音楽に関するレビューや学術論文の和訳、紹介をするブログです。

<Bandcamp Album of the Day>TALSounds, “Acquiesce”

Natalie ChamiがTALsoundsとしてリリースした最新作のジャケットにはマットレスの端が写された、無味乾燥な写真があしらわれている。ベッドには枕が置かれていて、その隣に置かれたナイトスタンドの上にはおばあちゃんの家においてあるようなアンティークのランプが鎮座している。一見するとこのイメージは単純で、無害ですらあるように見えるかもしれない。しかし二度、三度と見ていくと、そこに写っている詳細が見えてくる――写真の中央に写っている細いろうそくや、フレームのそこに収まっている毛羽立ったカーペット、そしてこの場面になんだか神秘的な輝きを与えるかのような、ポラロイド風の色調など。

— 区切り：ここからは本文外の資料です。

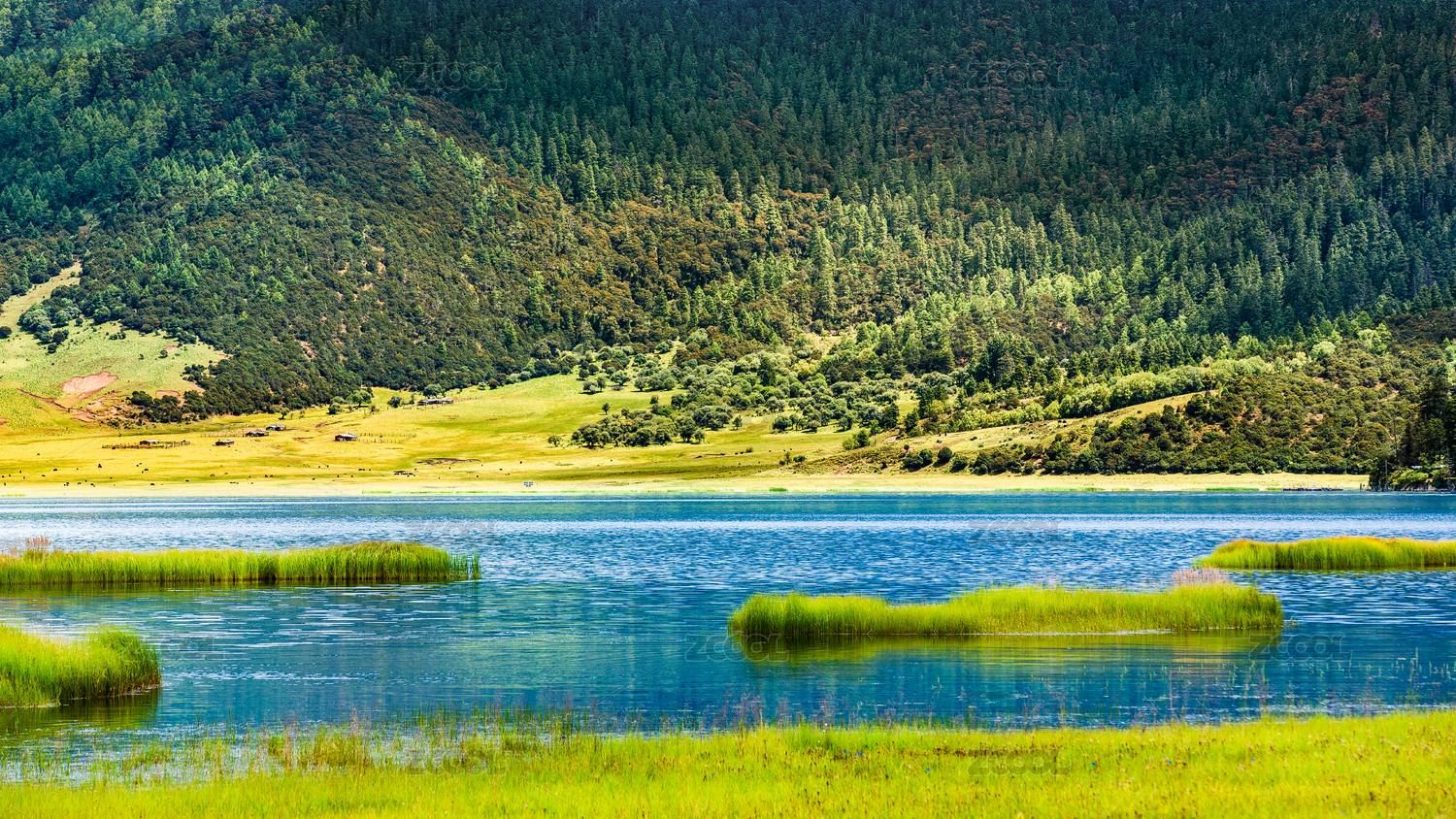 云南,中甸,香格里拉,湿地公园,湖水,湖面,平静,宁静,炊烟,草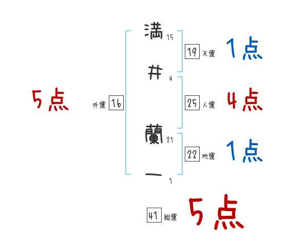 外運![]() | 満井蘭一さんの外運は16画の5つ星!人望が厚く大きく発展する。逆転成功が見える。 生活面を象徴する運勢です。外部から受ける影響力を表し、結婚運、家庭運や職場、環境への順応性を表します。 |

Acquiesce』に収録されている音楽もまた、それと同じような感じで聞き手にこっそりと近づいてくる。彼女の5作目となるこの作品(そしてNNA Tapes移籍後初作品)でChamiは、相変わらずゆっくりと展開していくドローンへの愛着を探求しており、彼女のアナログ・シンセサイザーと優しい囁き声が、ランプで照らされた部屋に充満した銀色の煙のように重ねられている。彼女は前作『Love Sick』において、それまでのソロ作品(もしくはGood WillsmithBrett Nauckeのような同郷・シカゴのアーティストとの共演作品)に比べてより直接的にポップ・ミュージックを受け止めていた。しかし『Acquiesce』ではすべての音は漂っていて、シンセサイザーのいろいろな音の形を集めた豊かで心地よいアソートメントになっている。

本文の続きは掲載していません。